Ms. Buck is currently serving her second term on USDA’s National Advisory Committee on Meat and Poultry Inspection and since 2009 has served on the President’s Food Safety Working Group. From 2007-2010, she served on the Board of Directors for the Partnership for Food Safety Education. In addition, Buck was a co-author of CFI’s 2009 report, The Long Term Health Outcomes of Selected Foodborne Pathogens.
Ms. Buck also represents CFI on the Safe Food Coalition and the Make Our Food Safe Coalition. She championed the SFC’s efforts to label mechanically tenderized meat and worked diligently with the MOFS to pass and fund the Food Safety Modernization Act.

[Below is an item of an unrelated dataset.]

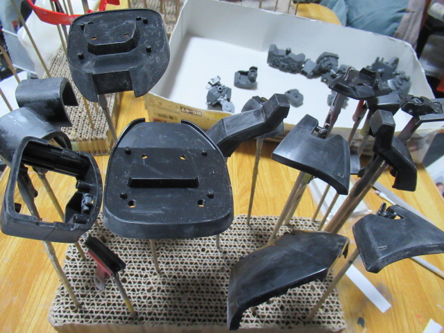アーマーなどの黒い部分のパーツです。今日、ジャーマングレーで吹きます。

Ms. Buck has presented on a variety of food safety topics and has been interviewed multiple times by local and national media. She has a M.S. in Education and a M.A. in English. In 2004, she was awarded the “Outstanding Woman of the Year” by Pennsylvania’s Mercer County Commission of Women. In 2011 she received a National Rotary Award from Rotary International and was honored as a Food Safety Champion for Extraordinary Advocacy Leadership by The Pew Charitable Trusts. The mother of five children and grandmother of eleven, she and her husband reside in Grove City, Pennsylvania.
Pat Buck
National food safety advocate and educator. Co-founder of the Center for Foodborne Illness Research & Prevention.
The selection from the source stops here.